Король нашел в себе силы дотащиться до балагана и, не раздеваясь, упал на топчан. Последней весточкой из мира реальных вещей и событий был восхищенный шепот Санди, которого Браз обещал научить игре на гитаре.
Когда Денхольм проснулся, солнце вовсю хозяйничало где-то на юге.
Юг. Там, наверное, тепло круглый год. Надо у Браза спросить, ведь, если верить Лайсе, он с юга… Юг. Что-то резало память и ускользало, утекало из сознания. Юг…
Кривая сабля южных кочевников!
Король вскочил, плеснул в лицо воды и побежал искать лицедея. И окровавленный призрак брата торопился вместе с ним…
Когда Денхольм распахнул дверь, Браз вскочил с дротиком на изготовку. Терзавший гитару Санди даже не поднял головы, проворчав по привычке:
— Вечно ты не вовремя, куманек!
— Что случилось, государь? — напряженно выдавил лицедей, не опуская оружия.
Король с трудом заставил себя говорить сквозь суматошное трепыхание сердца, бившегося где-то в районе горла:
— Мне нужна помощь, бывший наемный убийца!
Перед Санди лежал лист бумаги, испещренный какими-то нотными записями. Денхольм вырвал его у протестующего шута вместе с огрызком пера и яростно зачертил, напрягая память.
— Ты видел когда-нибудь такую саблю, лицедей?!
Браз нахмурился, всматриваясь в рисунок.
— Какая муха тебя укусила, куманек? — озадаченно почесал затылок шут.
— Вот этим убили моего брата! — вытолкнул король горькие слова.
— Похоже на то, что вы видели во сне, государь?
Впоследствии Денхольм так и не смог вспомнить, когда и откуда хмурый парень Браз успел достать оружие, но в руках у него темной молнией полыхал искривленный клинок, близнец того, что король принял за саблю южных кочевников. Узкий в самой сильной части, он постепенно расширялся вслед за изгибом… Хороший клинок, удобно рубить сплеча, сверху, но и в пешем бою не подведет, легок и послушен в хозяйской руке…
— Да, Браз.
— Это не сабля, государь.

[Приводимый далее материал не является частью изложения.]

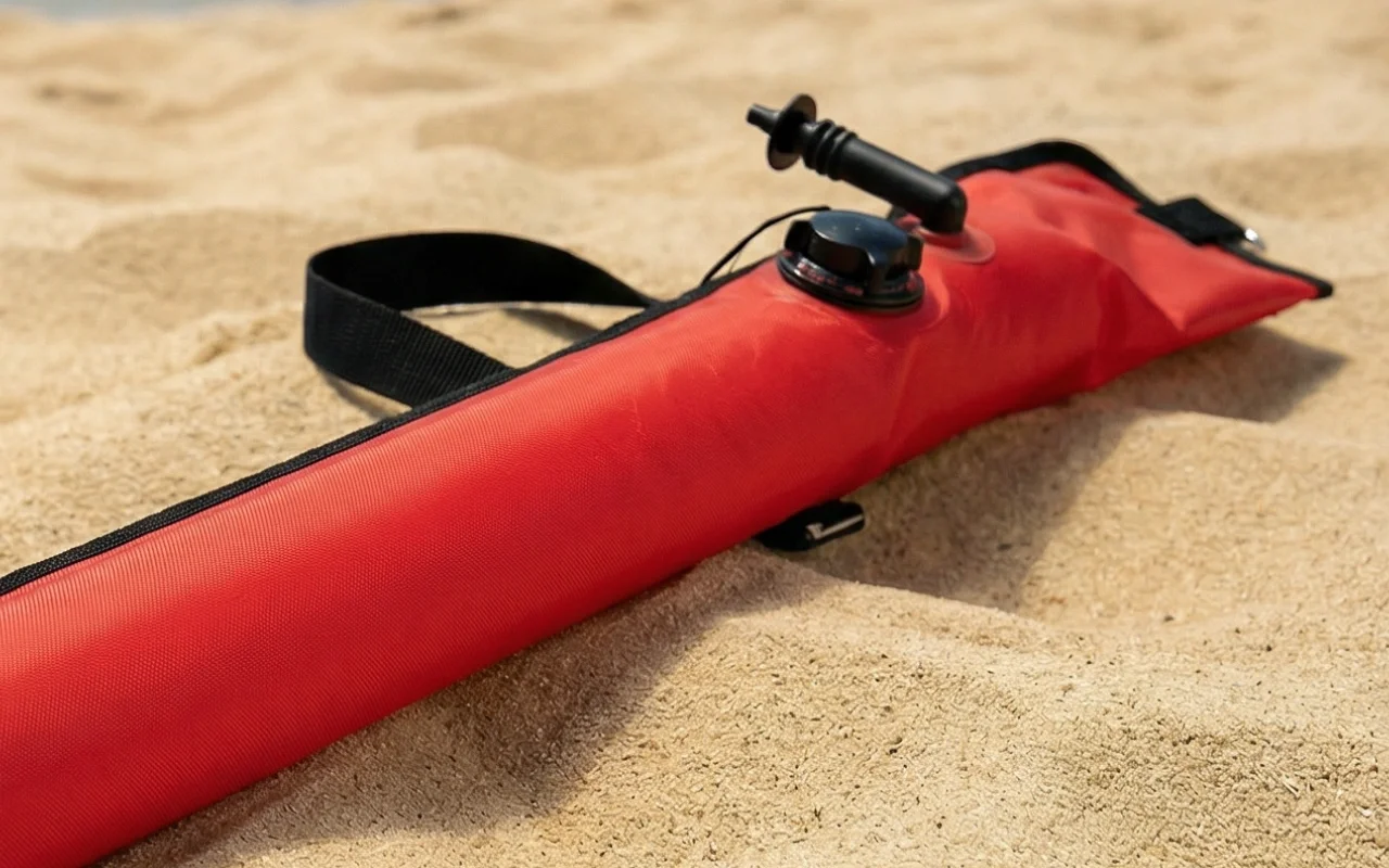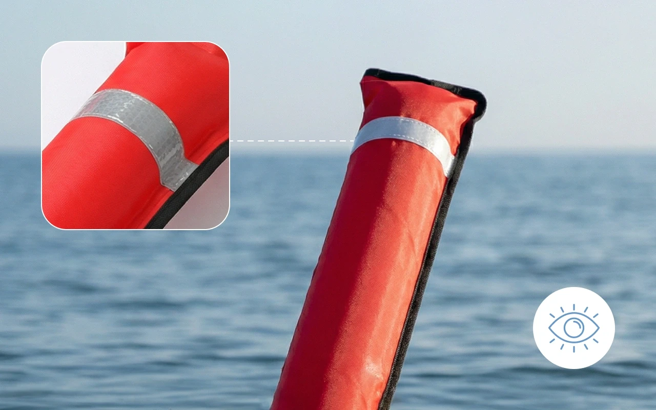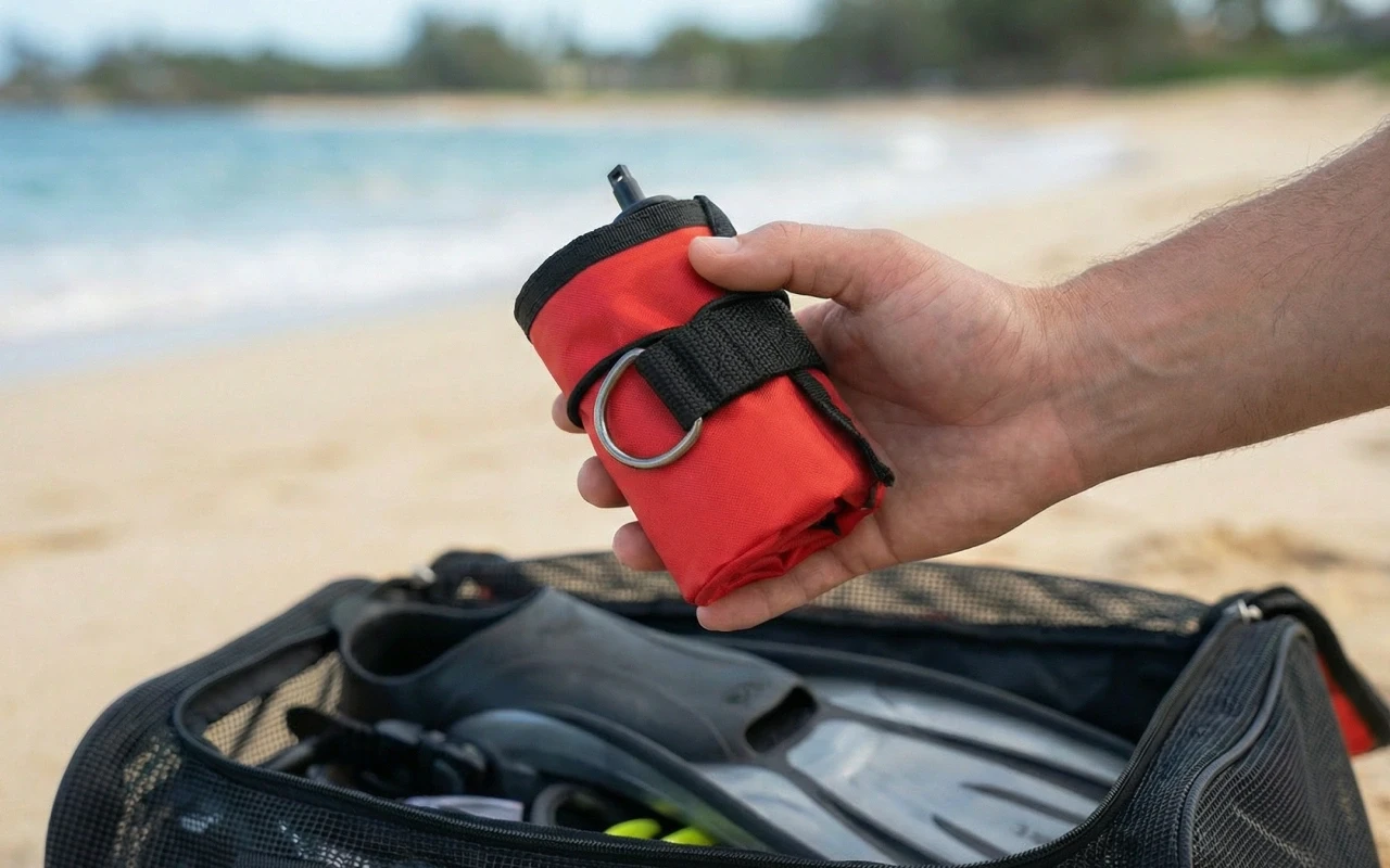 This marker buoy folds up neatly and fits in your bag or pocket. Quick setup lets you focus on enjoying your dive safely.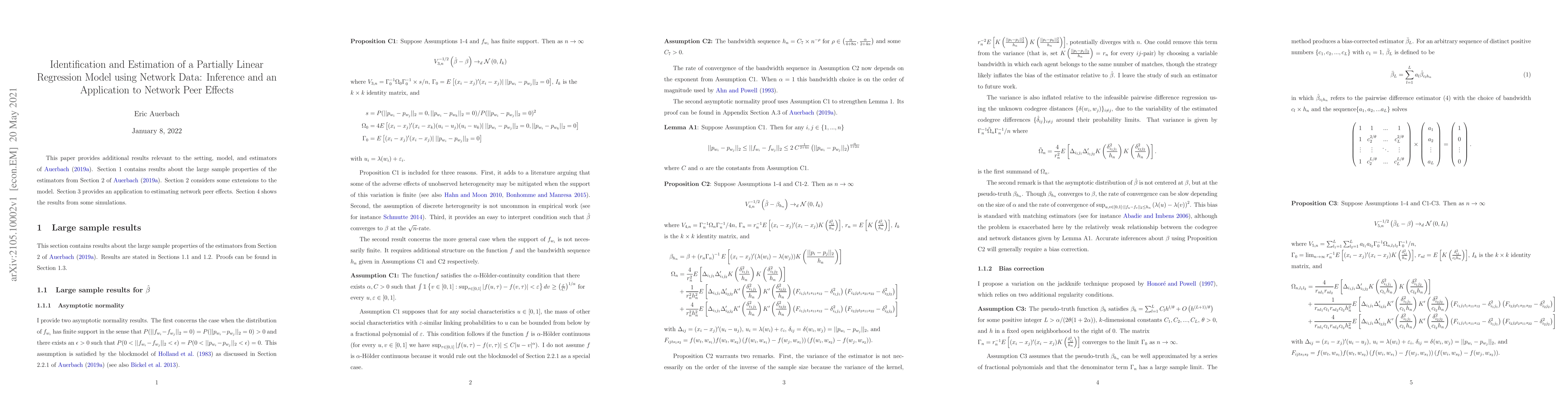 This paper provides additional results relevant to the setting, model, and estimators of Auerbach (2019a). Section 1 contains results about the large sample properties of the estimators from Section 2 of Auerbach (2019a). Section 2 considers some extensions to the model. Section 3 provides an application to estimating network peer effects. Section 4 shows the results from some simulations.

Это меч. Акирро. Его носят лишь лучшие воины племени ирршенов.
— Как ты?
— Как я. Вы не запомнили узора, государь?
Король вгляделся в костер неведомых трав возле рукояти и притянул к себе рисунок. И на бумажный клинок легла причудливая паутина: семь основных нитей из центра и семь соединяющих колец. И в самой узкой части лезвия — паук, затаившийся в листве.
— Итак, убийца брата пришел с юга, — пробормотал он, кусая губы.
— Паутина была черной, государь?
Денхольм кивнул, но тотчас нахмурился, вспоминая:
— Нет, Браз. Клинок отсвечивал синим.
— Меч делали на юге, — заверил лицедей. — Не знаю, как попал клинок в руки убийцы, но раньше он принадлежал охотнику за головами, поставленными вне Закона. Охотнику, таящемуся, как паук в листве… Но паутину добавили позднее. Ее травили на Востоке — синим цветом. И Мастер поклонялся Венде. Семь голов было у Ронимо. Семь тайных знаков открывают Двери в Пустоту. И семь разноцветных полос на мече Роккора, закрывающего Пустые Двери…
— Значит, снова Зона, — сжал кулаки Денхольм и взглянул на Санди.
Шут скривил губы:
— Засиделись мы на месте, куманек. Пора бы и домой.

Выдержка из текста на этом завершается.